We have already made great strides in eliminating red tape, both in removing outdated regulation but also in ensuring new regulatory schemes are fit for purpose.In my view, most regulators will get far greater bang for their buck if we focus on our own practices, particularly on the administering of laws or schemes whose purpose may no longer be known or have become unclear over time.

The starting point for regulators can be to ask ourselves an apparently very simple question: what is the problem we are trying to solve, whether with licensing, registrations or sanctions?

As Chris Webb, former Executive Director of Regulatory Practice and Strategy at EPA Victoria points out on a recent podcast with me:

“If you don’t really understand the purpose of a sanction, then you’re likely to just go and start using it all over the place to do things it was never designed to do. Sanctions should form part of your regulatory strategy and seek to reinforce the powers you have, the harms you care about, remind the good actors to keep being good and deter bad actors from breaking the law. But they’re never a magic solution to every problem.”

Responding to the regulatory experience of your duty holders

Regulatory reform or red tape reduction initiatives by governments frequently begin from the same horror stories brought to them by duty holders: having to enter the same information for five different regulators, report the same activity multiple times in different formats, or meet the requirements of one regulator in a way that impacts compliance with another.

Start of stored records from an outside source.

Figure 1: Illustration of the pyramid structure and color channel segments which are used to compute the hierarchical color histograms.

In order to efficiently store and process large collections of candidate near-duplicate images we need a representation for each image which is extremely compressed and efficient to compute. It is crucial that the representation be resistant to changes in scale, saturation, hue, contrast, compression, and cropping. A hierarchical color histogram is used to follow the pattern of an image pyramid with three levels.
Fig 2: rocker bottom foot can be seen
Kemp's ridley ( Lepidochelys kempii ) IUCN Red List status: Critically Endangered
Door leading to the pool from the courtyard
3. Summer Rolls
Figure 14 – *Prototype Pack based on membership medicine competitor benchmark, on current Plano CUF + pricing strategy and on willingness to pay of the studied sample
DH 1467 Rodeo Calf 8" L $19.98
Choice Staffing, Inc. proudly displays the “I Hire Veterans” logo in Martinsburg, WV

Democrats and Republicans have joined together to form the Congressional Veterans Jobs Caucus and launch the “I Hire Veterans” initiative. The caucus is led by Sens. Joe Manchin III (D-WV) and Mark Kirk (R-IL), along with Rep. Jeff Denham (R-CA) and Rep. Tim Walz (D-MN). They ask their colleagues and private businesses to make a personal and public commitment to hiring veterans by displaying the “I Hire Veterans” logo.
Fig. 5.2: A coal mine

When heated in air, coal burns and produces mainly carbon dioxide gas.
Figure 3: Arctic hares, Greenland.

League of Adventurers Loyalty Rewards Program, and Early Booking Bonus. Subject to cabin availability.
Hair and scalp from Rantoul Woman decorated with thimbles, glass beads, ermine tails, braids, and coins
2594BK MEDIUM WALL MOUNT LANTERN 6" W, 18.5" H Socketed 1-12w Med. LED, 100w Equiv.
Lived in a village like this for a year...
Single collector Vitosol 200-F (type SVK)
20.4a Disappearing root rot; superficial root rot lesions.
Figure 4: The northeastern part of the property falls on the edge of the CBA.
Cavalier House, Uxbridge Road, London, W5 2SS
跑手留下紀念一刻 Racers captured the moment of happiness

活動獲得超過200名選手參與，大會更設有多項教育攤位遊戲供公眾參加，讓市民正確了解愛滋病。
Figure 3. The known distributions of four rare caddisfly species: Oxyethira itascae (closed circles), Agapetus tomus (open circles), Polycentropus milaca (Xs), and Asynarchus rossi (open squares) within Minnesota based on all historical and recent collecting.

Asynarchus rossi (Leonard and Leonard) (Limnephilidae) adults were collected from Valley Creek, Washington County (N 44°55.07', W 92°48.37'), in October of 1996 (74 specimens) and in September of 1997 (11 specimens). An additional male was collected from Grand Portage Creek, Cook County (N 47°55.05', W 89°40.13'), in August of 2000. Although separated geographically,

Although sometimes fixing these experiences is beyond the mandate of a single regulator, in many cases they are really not red but beige tape – how the regulator applies the law, works with regulator peers, shares information, supports duty holders to comply or explains the requirement of the law. Good regulatory practice can, and should, get rid of this kind of beige tape, not least because it can undermine the importance and public value of regulation.

Conclusion

Regulation doesn’t have to be all red and beige tape. Bringing the regulator into the fold when drafting or reviewing laws and inviting them into the conversation without handing them the pen is more likely to achieve more effective regulation. A good regulator with a constant focus on the larger purpose and the regulatory experience, can be the difference between red tape and beige tape, or between beige tape and no tape.

 

Adam Beaumont, currently Director at With Purpose Consulting, was one of the founding members and the first chair of the Victorian Regulators Community of Practice, the precursor to the National Regulators Community of Practice.

He has more than 20 years’ experience in regulation, environment and sustainability issues, having held senior and executive roles in the EPA Victoria and the global Forest Stewardship Council. He now works with regulators all around Australia as a strategist, facilitator and consultant.